I pull myself from her grasp and stagger toward the door to the stairs that lead up to the top of the tower. My feet shuffle on the floor because I don't really have the energy to pick them up anymore. Wasn't there a time when I could jump around and run for days and act like a child, although I'm older than anyone else? Wasn't there a time when the thought of being old and decrepit as I am sickened me, because I never wanted to grow up? I was a grown up in my other lives. I was always an adult, on the outside. I even acted grown up most of the time. But something changed; I didn't want to be a grown up anymore. I think, because of how I had to be an adult even when I was still a kid, because I lost my family so early on and ended up on my own, that being grown-up just sort of lost its charm, its finesse. I didn't want to be that anymore. I wanted to be a child again, skittish and free and ebullient. But now, all that's left for me is old age.
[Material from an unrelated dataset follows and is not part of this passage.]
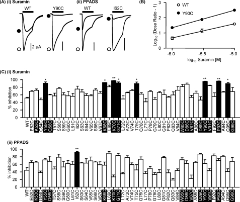 FIGURE 4. Antagonist action at P2X1 receptor mutants E52C to G96C. An EC90 concentration of ATP was applied to oocytes expressing P2X1 WT and P2X1 receptor mutants E52C to G96C. Antagonists were applied to the P2X1 receptor using concentrations that inhibited the WT response by ∼50%, suramin (3 μm) and PPADS (1 μm). A, representative recordings of Y90C (i), a P2X1 mutant with increased suramin sensitivity, and I62C, a P2X1 mutant with increased PPADS sensitivity (ii). Traces show the response in the presence of ATP only (open circle) and in the presence of ATP and the antagonist (closed circle). ATP was applied for 3 s (black bar), and the antagonists were bath-perfused 5 min before recording. B, Schild plot analysis of suramin antagonism at the WT P2X1 receptor and the mutant Y90C. C, percentage inhibition of EC90 concentration of ATP in the presence of the antagonists suramin (3 μm) (i) and PPADS (1 μm) (ii) on P2X1 receptor mutants E52C to G96C (n = 3–4). *, p < 0.05; **, p < 0.01. Error bars, S.E. Conserved residues are highlighted in black. |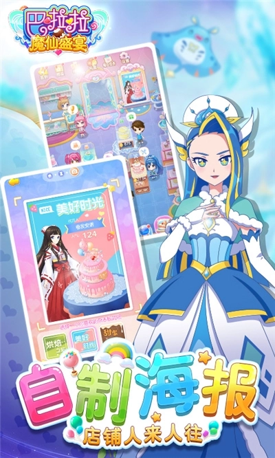 巴啦啦魔仙盛宴是一款以巴啦啦小魔仙为题材的Q版卡通模拟经营游戏,画面高清精致,玩法简单灵活。在游戏中,玩家将经营一家蛋糕店,通过拍摄海报、制作精美蛋糕来吸引顾客,获取收益并逐步扩大经营规模。

I stop when I reach the door, and look over my shoulder. Clara is directly behind me. I turn and face her. "No," I say firmly. "You're going to stay here." She starts to object, her mouth opening in protest, but I quickly cut over her words. "Promise me you will."
She shakes her head. "Why?" she demands. The fear in her tone is undeniable and slices me deep. I shrug once, a bit weakly. "I'll be keeping you safe. One last victory." I look at her imploringly, making her look me right in the eyes. "Allow me that," I whisper. "Just give me that." Now tears fall anew from her eyes, and she looks away. I cup her cheek with my hand, brushing the tear track from her skin softly. "Thank you," I tell her. My voice is almost entirely silent, and gets rather washed out by the noises outside, but she hears me loud and clear. Her mouth continues to tremble. I plant a gentle kiss on her cheek, my fingers touching her hair, and put my mouth right next to her ear.
"And goodbye."
YOU ARE READING
The Time of Change
FanfictionThere are some people who seem destined for greatness. There are others who seem stuck on the path of failure. For most of her life, Annalise Song felt as if she was the unhappy median between the two: bound to be nothing more than mediocre and soli...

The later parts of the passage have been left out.